(Data excerpts Opens)

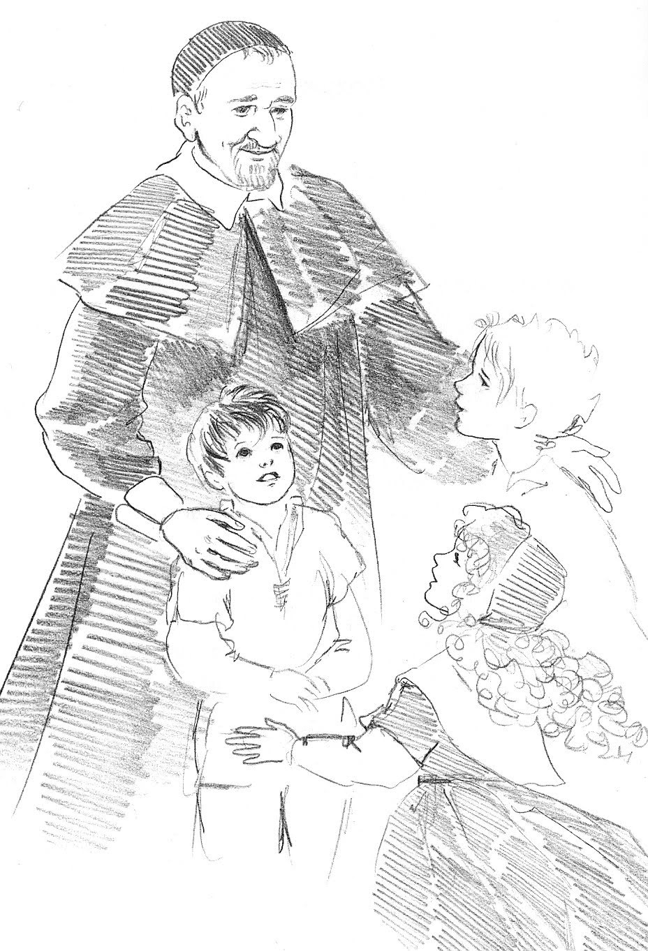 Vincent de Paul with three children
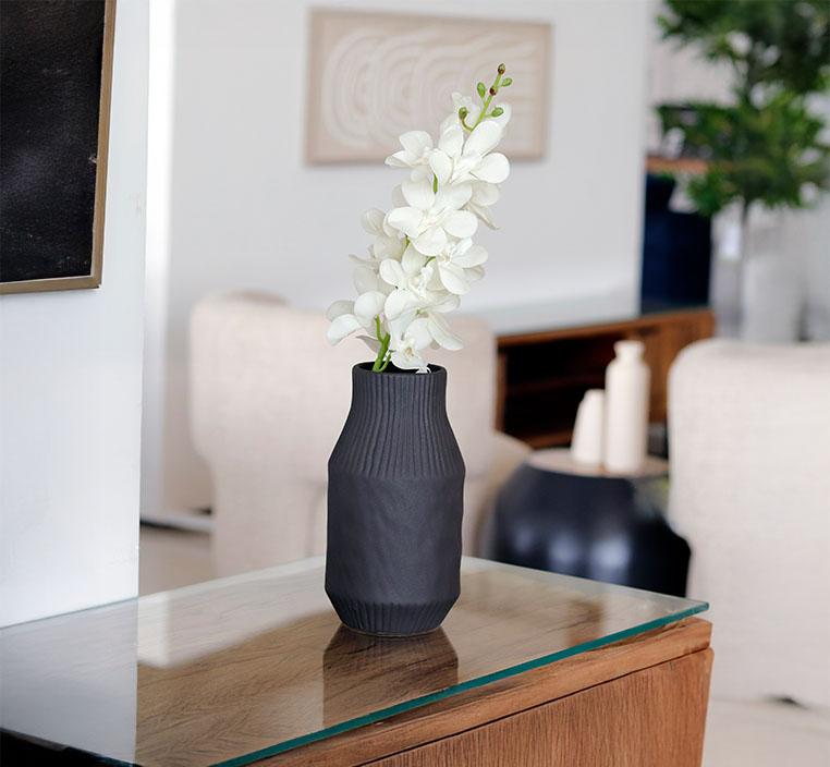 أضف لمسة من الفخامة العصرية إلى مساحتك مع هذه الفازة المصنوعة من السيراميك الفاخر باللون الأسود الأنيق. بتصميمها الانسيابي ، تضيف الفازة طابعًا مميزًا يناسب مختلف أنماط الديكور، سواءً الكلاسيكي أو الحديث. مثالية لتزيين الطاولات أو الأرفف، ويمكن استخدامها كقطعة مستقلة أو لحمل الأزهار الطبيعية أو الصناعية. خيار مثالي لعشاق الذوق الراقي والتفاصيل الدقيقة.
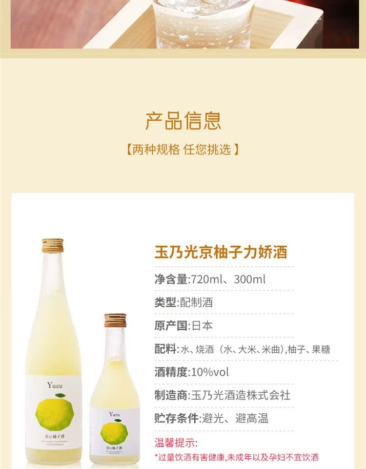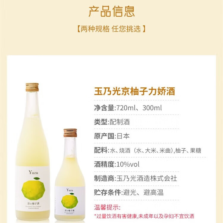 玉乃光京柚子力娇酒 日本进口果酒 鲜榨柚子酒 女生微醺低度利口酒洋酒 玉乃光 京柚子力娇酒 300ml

(Data excerpts Closes)
(Data excerpts Opens)

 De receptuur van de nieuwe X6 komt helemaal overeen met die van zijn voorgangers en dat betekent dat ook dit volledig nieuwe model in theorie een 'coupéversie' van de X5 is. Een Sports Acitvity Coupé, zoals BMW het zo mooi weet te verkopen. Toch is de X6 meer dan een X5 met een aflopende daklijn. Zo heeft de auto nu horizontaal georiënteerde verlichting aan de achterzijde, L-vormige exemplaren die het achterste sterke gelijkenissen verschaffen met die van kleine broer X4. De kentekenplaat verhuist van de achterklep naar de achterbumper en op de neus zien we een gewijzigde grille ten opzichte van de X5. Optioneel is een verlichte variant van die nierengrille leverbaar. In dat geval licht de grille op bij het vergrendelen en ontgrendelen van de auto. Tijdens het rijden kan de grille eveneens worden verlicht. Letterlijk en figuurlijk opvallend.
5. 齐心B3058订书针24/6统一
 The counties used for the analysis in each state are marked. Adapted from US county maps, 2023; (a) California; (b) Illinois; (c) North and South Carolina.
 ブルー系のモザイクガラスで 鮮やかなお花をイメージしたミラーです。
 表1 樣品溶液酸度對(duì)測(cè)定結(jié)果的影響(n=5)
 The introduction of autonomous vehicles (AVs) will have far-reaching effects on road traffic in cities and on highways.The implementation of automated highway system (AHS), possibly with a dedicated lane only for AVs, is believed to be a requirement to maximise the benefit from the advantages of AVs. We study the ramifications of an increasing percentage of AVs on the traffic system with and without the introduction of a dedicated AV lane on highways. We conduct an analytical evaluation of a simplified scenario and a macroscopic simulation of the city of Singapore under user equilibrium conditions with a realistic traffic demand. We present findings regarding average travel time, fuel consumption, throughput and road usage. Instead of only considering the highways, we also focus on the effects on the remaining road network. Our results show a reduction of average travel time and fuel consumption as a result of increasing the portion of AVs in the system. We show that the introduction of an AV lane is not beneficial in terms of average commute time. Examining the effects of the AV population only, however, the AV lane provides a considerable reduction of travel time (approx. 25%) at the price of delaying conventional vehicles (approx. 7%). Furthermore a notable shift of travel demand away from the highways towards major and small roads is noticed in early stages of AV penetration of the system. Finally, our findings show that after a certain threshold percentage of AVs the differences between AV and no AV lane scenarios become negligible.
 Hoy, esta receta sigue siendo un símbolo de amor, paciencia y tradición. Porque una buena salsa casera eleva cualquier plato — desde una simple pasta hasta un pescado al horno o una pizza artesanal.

(Data excerpts Closes)
(Data excerpts Opens)

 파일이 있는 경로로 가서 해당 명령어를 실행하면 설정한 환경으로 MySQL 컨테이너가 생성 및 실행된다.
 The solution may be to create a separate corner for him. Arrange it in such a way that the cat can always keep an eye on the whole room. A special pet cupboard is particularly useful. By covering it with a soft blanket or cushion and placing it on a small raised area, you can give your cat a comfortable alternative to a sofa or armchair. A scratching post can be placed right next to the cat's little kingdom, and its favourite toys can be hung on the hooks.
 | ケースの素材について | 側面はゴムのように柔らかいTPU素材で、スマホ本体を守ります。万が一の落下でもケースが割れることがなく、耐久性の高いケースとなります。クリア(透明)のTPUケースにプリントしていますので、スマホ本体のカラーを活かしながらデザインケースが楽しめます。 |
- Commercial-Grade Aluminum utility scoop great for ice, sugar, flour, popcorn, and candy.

(Data excerpts Closes)

▸ **What is expected**
Look above for the line with "Vincent de Paul with three children" and copy exactly from it through the line with "玉乃光京柚子力娇酒 日本进口果酒 鲜榨柚子酒", both included. Omit the pictures.

▸ **Expected answer**
 Vincent de Paul with three children
 أضف لمسة من الفخامة العصرية إلى مساحتك مع هذه الفازة المصنوعة من السيراميك الفاخر باللون الأسود الأنيق. بتصميمها الانسيابي ، تضيف الفازة طابعًا مميزًا يناسب مختلف أنماط الديكور، سواءً الكلاسيكي أو الحديث. مثالية لتزيين الطاولات أو الأرفف، ويمكن استخدامها كقطعة مستقلة أو لحمل الأزهار الطبيعية أو الصناعية. خيار مثالي لعشاق الذوق الراقي والتفاصيل الدقيقة.
 玉乃光京柚子力娇酒 日本进口果酒 鲜榨柚子酒 女生微醺低度利口酒洋酒 玉乃光 京柚子力娇酒 300ml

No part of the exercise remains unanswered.